Lavoisier reviendra sur les conclusions sans doute précipitées de cette étude. Le Mémoire sur l'union du principe oxygine avec le fer, fait suite à des Considérations générales sur la dissolution des métaux dans les acides publiées la même année dans les Mémoires de l'Académie dans lesquelles il est plus réservé. Dans ces dernières, il désigne clairement son objectif et rensdeigne sur l'avancement de ses recherches: "L'existence du phlogistique n'est nullement prouvée , et on peut se passer de l'admettre pour expliquer tous les phénomènes de la physique et de la chimie.

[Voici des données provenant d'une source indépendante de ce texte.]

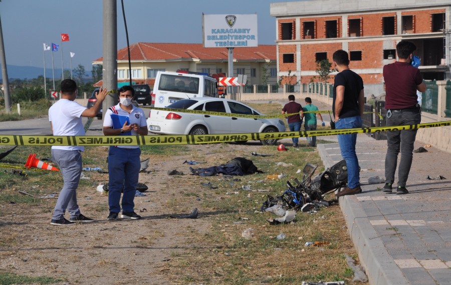Edinilen bilgiye göre, kaza saat 17.15 sıralarında Karacabey Boğaz yolu üzerinde meydana geldi. Boğazköy istikametinden ilçe merkezine seyreden Hidayet Y. (43) idaresindeki 16 DF 235 plakalı otomobil karşı yönden gelen Halit Durmuş'un (55) kullandığı plakasız motosiklet ile kafa kafaya çarpıştı. Çarpışmanın şiddetiyle motosiklet yol kenarına savrulurken, motosiklet sürücüsü Halit Durmuş, olay yerinde feci şekilde can verdi. Kaza sonrası motosiklet hurdaya dönerken, otomobilde de büyük hasar oluştu. Olay yeri incelemesinin ardından, Halit Durmuş'un cenazesi Karacabey Devlet Hastanesi morguna kaldırıldı. Otomobil sürücüsü Hidayet Y. gözaltına alınırken, polis ekiplerinin kazayla ilgili soruşturması sürüyor. Öte yandan feci kaza, güvenlik kameralarına yansıdı. Görüntülerde, motosiklet ve otomobilin kafa kafaya çarpıştığı, motosiklet sürücüsü Halit Durmuş'un metrelerce havalandığı görüldü.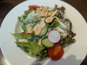 先に運ばれてきたサラダにはスライスアーモンドが効いていて、食欲をそそります。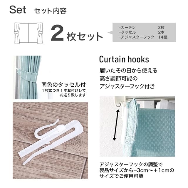 【付属品】高さ調節可能なアジャスターフック付き。 共生地カーテン用タッセル付き。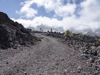 A rugged, rocky road in Tenerife, Spain. Surrounded by a barren desert landscape, the road cuts through the mountains. Clear skies and sparse vegetation create a stark contrast. Exploring the off-road track, one encounters a lone tree. An epic journey through Europe's rugged terrain.

Mais à ce que j'ai à dire à cet égard n'a point encore atteint son point de maturité, et je suis obligé de rendre compte auparavant des recherches que j'ai faites sur les affinités du principe".
 
 4.  Débrouiller le mystère de la réduction des chaux métalliques.   
 Depuis les expériences qui ont abouti à son mémoire de 1775, Lavoisier sait que le phlogistique de Bergman n’existe pas.  Il a montré  par ses expériences sur l’oxyde de mercure per se  que l’air n’est pas un élément fondamental plus ou moins riche en phlogistique, mais un mélange des deux composants (Marie Christine de la  Souchère , La Recherche février 2011 , p. 93)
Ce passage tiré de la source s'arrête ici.